How to set textColor of UILabel in Swift

Solution 1:

The easiest workaround is create dummy labels in IB, give them the text the color you like and set to hidden. You can then reference this color in your code to set your label to the desired color.

yourLabel.textColor = hiddenLabel.textColor

The only way I could change the text color programmatically was by using the standard colors, UIColor.white, UIColor.green...

Solution 2:

This code example that follows shows a basic UILabel configuration.

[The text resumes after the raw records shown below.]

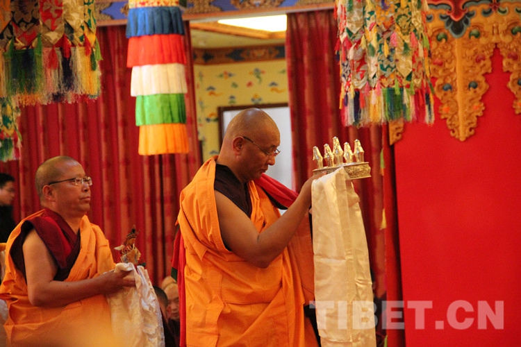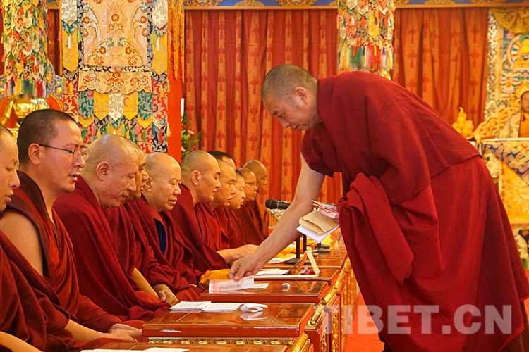 圖為土多申格副院長帶領經師代表和學員代表,虔誠地向十一世班禪敬獻曼扎、佛像、佛塔、佛經。攝影:孫健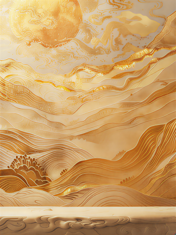 一幅具有浓厚中秋氛围的中国传统风格装饰画,以暖金色为主色调,画面大量留白,采用细腻流畅的线条勾勒出层层叠叠、形态优美的祥云和波浪纹样,云纹卷曲灵动,浪纹飘逸舒展,线条疏密有致,整体呈现出典雅、祥和、喜庆的氛围,具有浓郁的东方美学韵味和节日气息。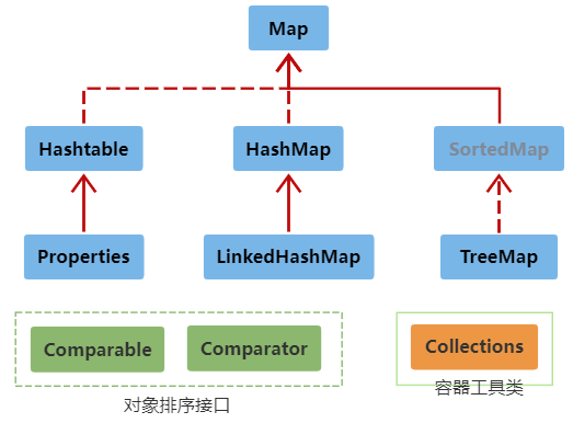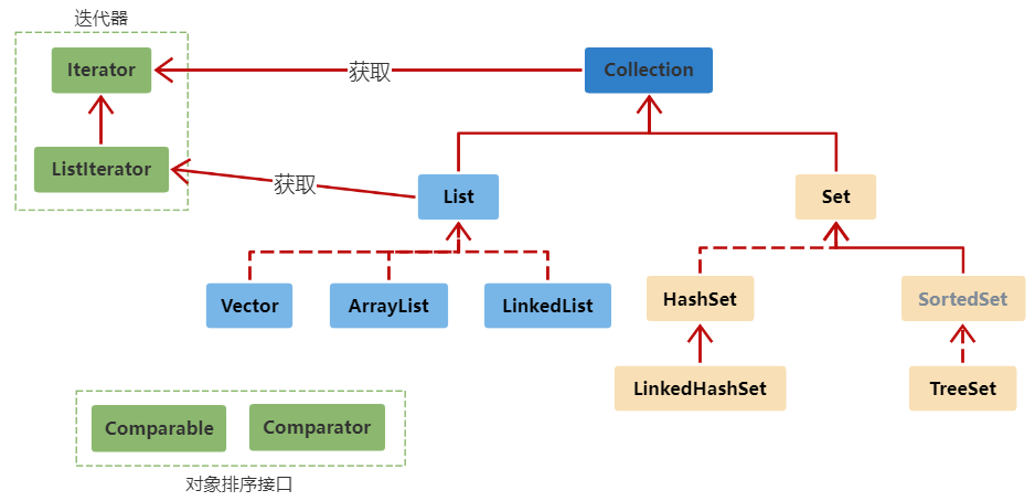 Collection接口继承树:实线是继承关系,虚线是实现关系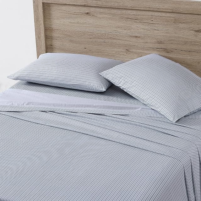 Eddie Bauer – Twin XL Sheet Set, Cotton Percale Bed Sheets, Crisp & Cool, Ideal Dorm Essentials (Ticking Stripe Light Blue, Twin XL)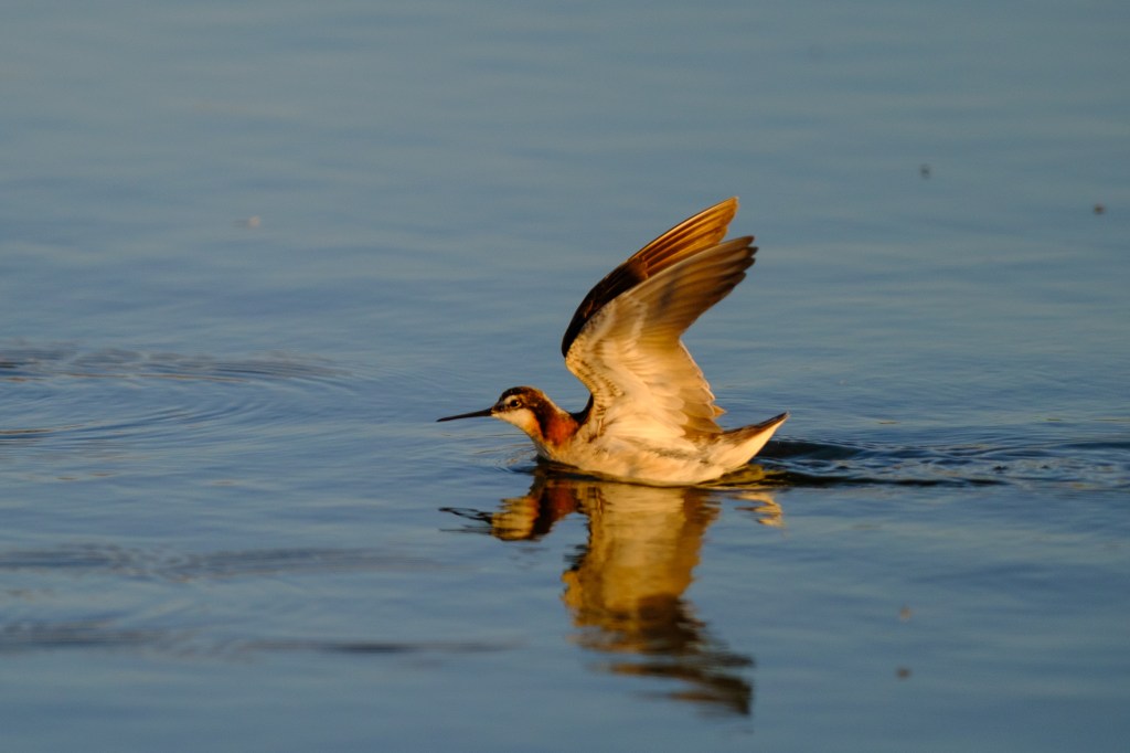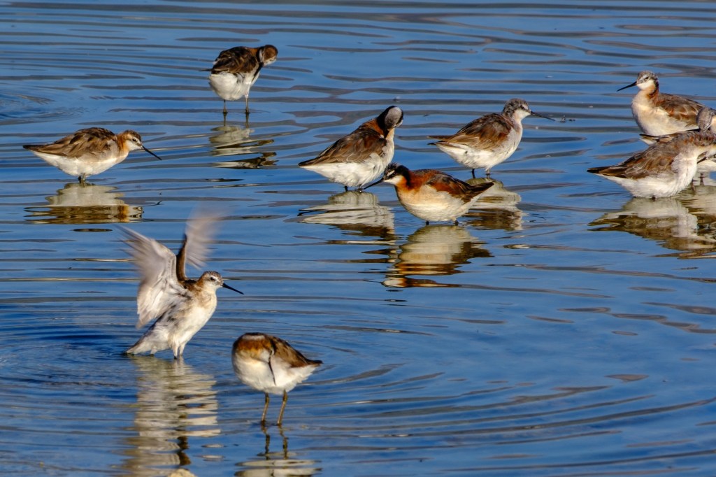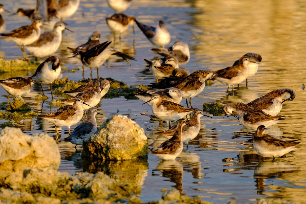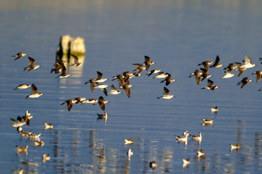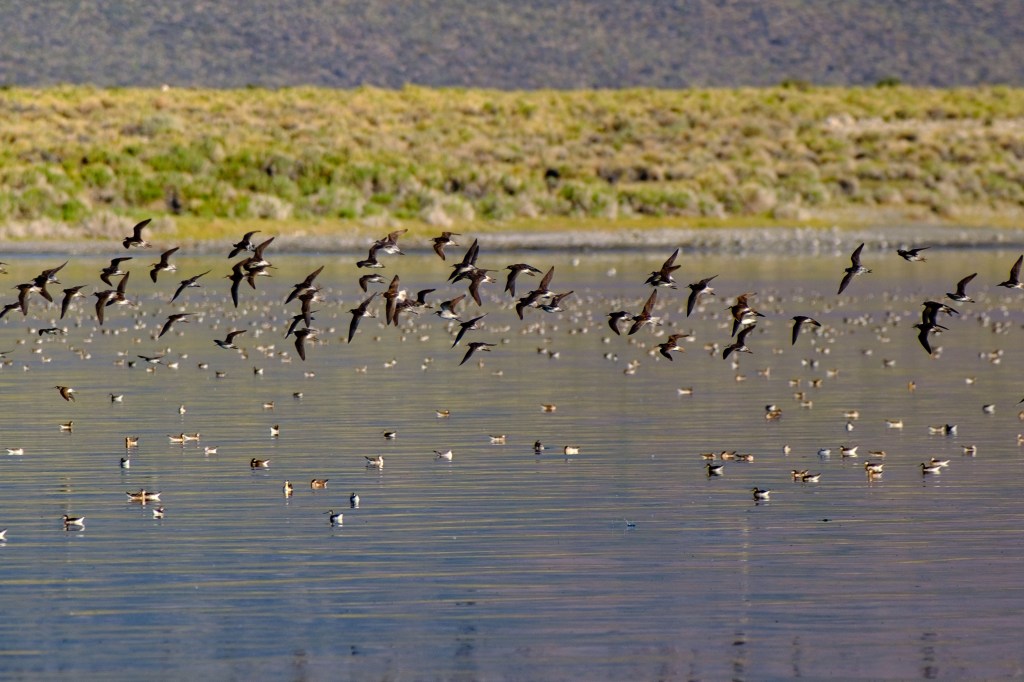 These shorebirds birds are 9 inches long, have a wingspan of 17 inches, and weigh 2 oz. They mate in the Dakotas and Saskatchewan in May. The females lay eggs and promptly leave, heading south to the saline lakes of the Great Basin: Great Salt Lake, Abert’s Lake in Oregon, and Mono Lake north of Bishop. The males look after the eggs, but once the chicks are hatched, the males also head south. The chicks are born with feathers and find their own food; soon they also go south. The birds show up at Mono Lake from mid-June to August. Surveys at Mono Lake done 35 years ago estimated up to 80,000 phalaropes in a year, but survey methods then and now are pretty crude. The females arrive first, then males, then juveniles. They hang out for a month doubling their weight on brine shrimp and alkali flies — an unlimited, but monotonous, buffet. They use the time and food energy to molt, discarding their old feathers and growing new ones. Then they fly south – a 3-day non-stop to South America, about 3000-4000 miles. They spend the Boreal winter at inland saline lakes near the Andes Mountains of Argentina, Bolivia, and Chile. In spring of the next year, they fly north and do this all over again.

let lbl = UILabel(frame: CGRectMake(0, 0, 300, 200))
lbl.text = "yourString"

// Enum type, two variations:
lbl.textAlignment = NSTextAlignment.Right
lbl.textAlignment = .Right

lbl.textColor = UIColor.red
lbl.shadowColor = UIColor.black
lbl.font = UIFont(name: "HelveticaNeue", size: CGFloat(22))
self.view.addSubview(lbl)

Solution 3:

I don't know why but to change the text color of the labels you need to divide the value you want with 255, because it works only until 1.0.

For example a dark blue color:

label.textColor = UIColor(red: 0.0, green: 0.004, blue: 0.502, alpha: 1.0)

Solution 4:

Made an app with two labels in IB and the following:

@IBOutlet var label1: UILabel!
@IBOutlet var label2: UILabel!

override func viewDidLoad() {
    super.viewDidLoad()
    label1.textColor = UIColor.redColor() // in Swift 3 it's UIColor.red
    label2.textColor = label1.textColor
}

label2 color changed as expected, so your line works. Try println(otherLabel.textColor) right before you set myLabel.textColor to see if the color's what you expect.